Nothing but the records themselves, exactly as written, should appear in the reply; leave out the pictures.

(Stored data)

***

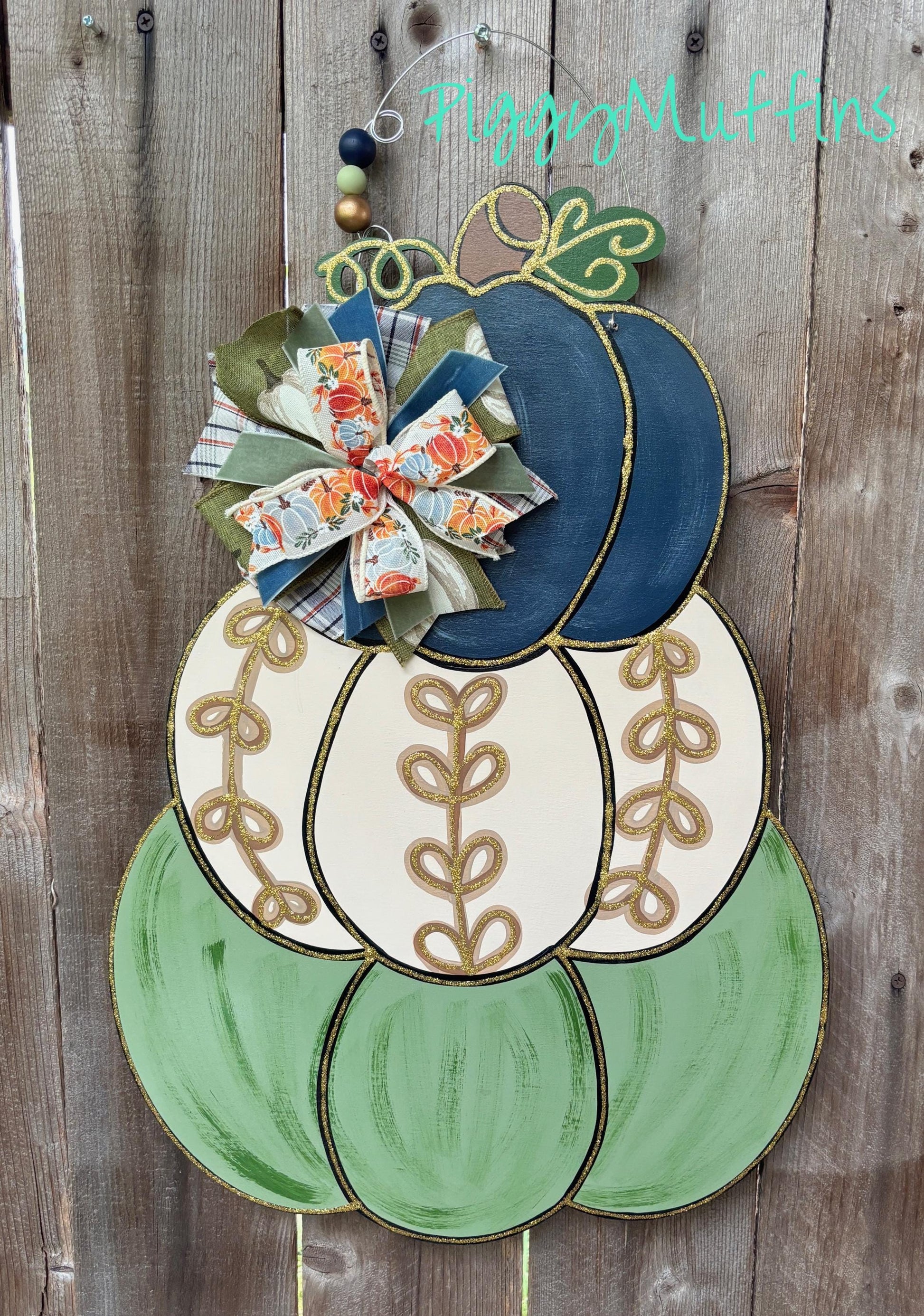 Welcome fall with this gorgeous pumpkin stack door hanger by PiggyMuffins! This Fall door hanger measures approximately 22 inches in length and 22inches in width. This sign is cut out of 1/4 inch board, sanded and painted with acrylic paint and accented with polyester glitter. It is sealed with a clear protective coating that prevents chipping, peeling, fading, or yellowing. It includes a sturdy wire hanger and coordinating bow and is ready to hang when delivered.
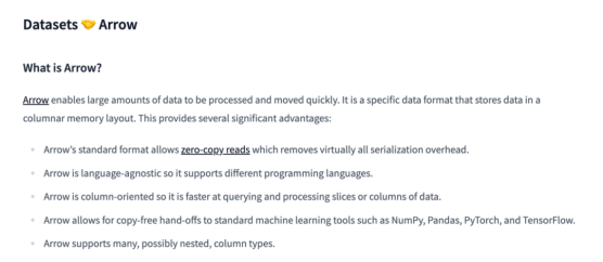 The Apache Arrow format used by HuggingFace has the following advantages:
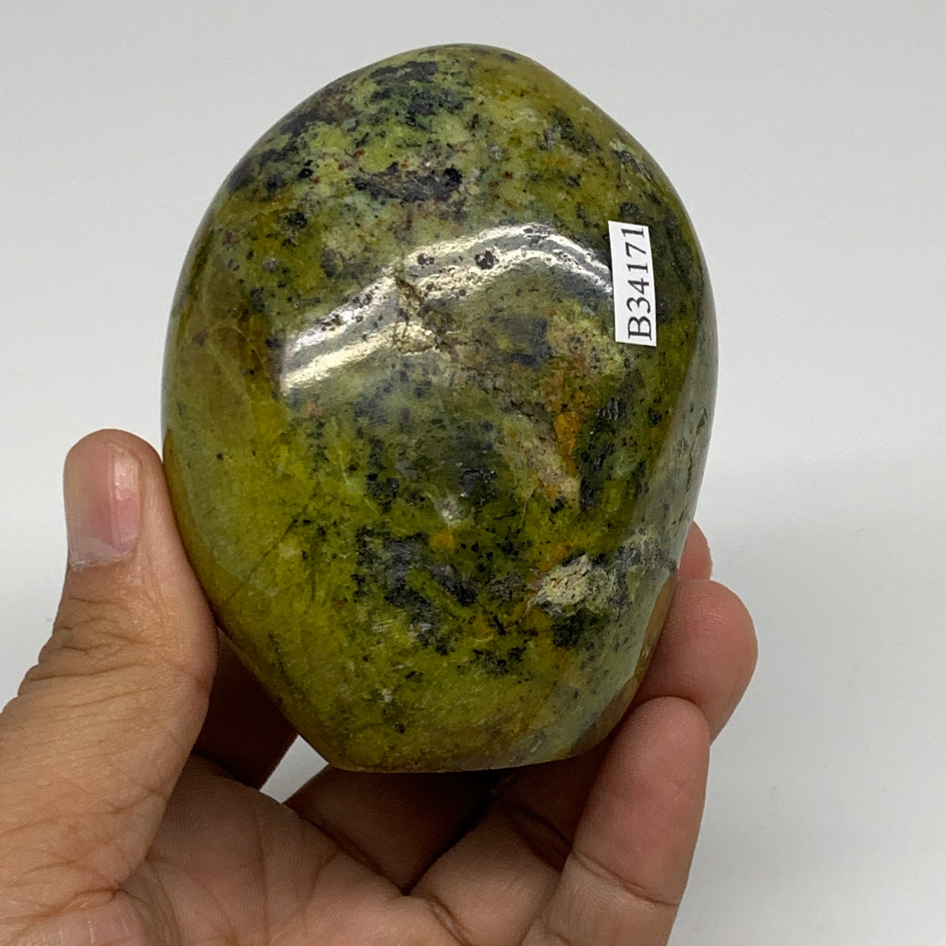 0.82 lbs, 3.1"x2.5"x.2.2", Green Opal Crystal Freeform Polished Gemstone, B34171
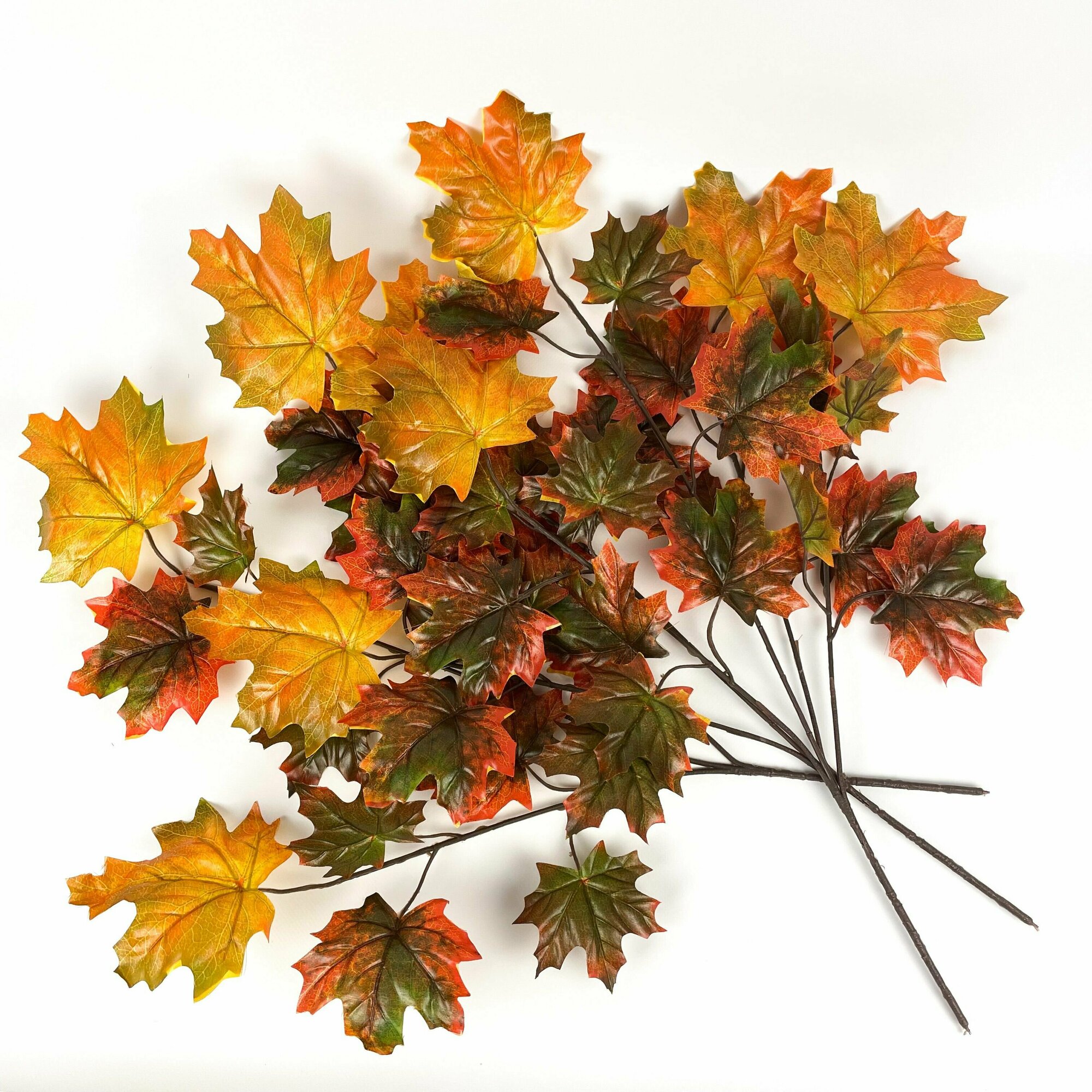 Кленовые листья искусственные на ветке, на проволоке, 34 см, осенние листья 3,5 - 7 см, 10 веток
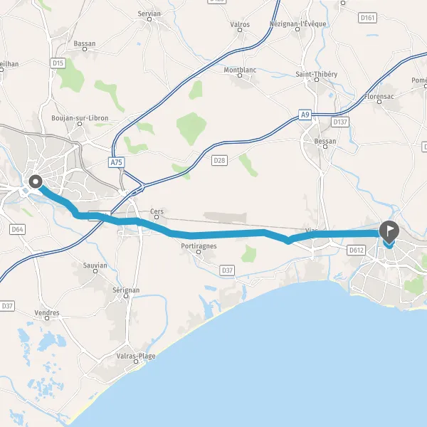 Au rond-point, prendre la 1ère sortie sur D612b (Route d'Agde) et continuer sur 3,8 kilomètres
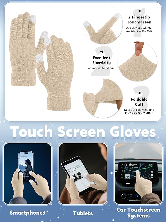 - Applicable to multiple occasions: the women's gloves set is ideal for outdoor activities, such as traveling, skiing, cycling, camping, hiking, running, walking, etc., it can also be used as a Christmas gift, birthday gift or winter gift to your family and friends
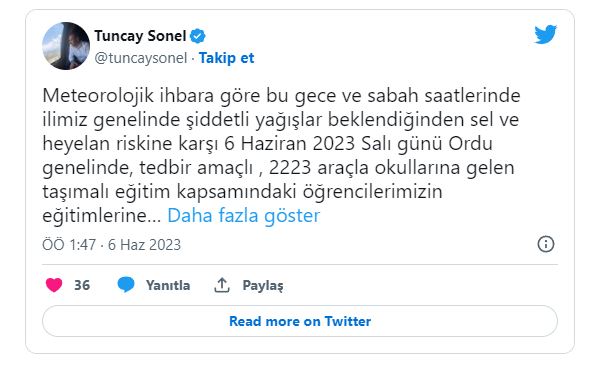 Ordu Valisi Tuncay Sonel, sosyal medya hesabından yaptığı paylaşımda, "Meteorolojik ihbara göre bu gece ve sabah saatlerinde ilimiz genelinde şiddetli yağışlar beklendiğinden sel ve heyelan riskine karşı 6 Haziran 2023 Salı günü Ordu genelinde tedbir amaçlı, 2 bin 223 araçla okullarına gelen taşımalı eğitim kapsamındaki öğrencilerimizin eğitimlerine bir gün süreyle ara veriyoruz. Rabbim ülkemizi ve milletimizi tüm afetlerden korusun" ifadelerine yer verdi.

***

• _Exercise result_:
 Welcome fall with this gorgeous pumpkin stack door hanger by PiggyMuffins! This Fall door hanger measures approximately 22 inches in length and 22inches in width. This sign is cut out of 1/4 inch board, sanded and painted with acrylic paint and accented with polyester glitter. It is sealed with a clear protective coating that prevents chipping, peeling, fading, or yellowing. It includes a sturdy wire hanger and coordinating bow and is ready to hang when delivered.
 The Apache Arrow format used by HuggingFace has the following advantages:
 0.82 lbs, 3.1"x2.5"x.2.2", Green Opal Crystal Freeform Polished Gemstone, B34171
 Кленовые листья искусственные на ветке, на проволоке, 34 см, осенние листья 3,5 - 7 см, 10 веток
 Au rond-point, prendre la 1ère sortie sur D612b (Route d'Agde) et continuer sur 3,8 kilomètres
 - Applicable to multiple occasions: the women's gloves set is ideal for outdoor activities, such as traveling, skiing, cycling, camping, hiking, running, walking, etc., it can also be used as a Christmas gift, birthday gift or winter gift to your family and friends
 Ordu Valisi Tuncay Sonel, sosyal medya hesabından yaptığı paylaşımda, "Meteorolojik ihbara göre bu gece ve sabah saatlerinde ilimiz genelinde şiddetli yağışlar beklendiğinden sel ve heyelan riskine karşı 6 Haziran 2023 Salı günü Ordu genelinde tedbir amaçlı, 2 bin 223 araçla okullarına gelen taşımalı eğitim kapsamındaki öğrencilerimizin eğitimlerine bir gün süreyle ara veriyoruz. Rabbim ülkemizi ve milletimizi tüm afetlerden korusun" ifadelerine yer verdi.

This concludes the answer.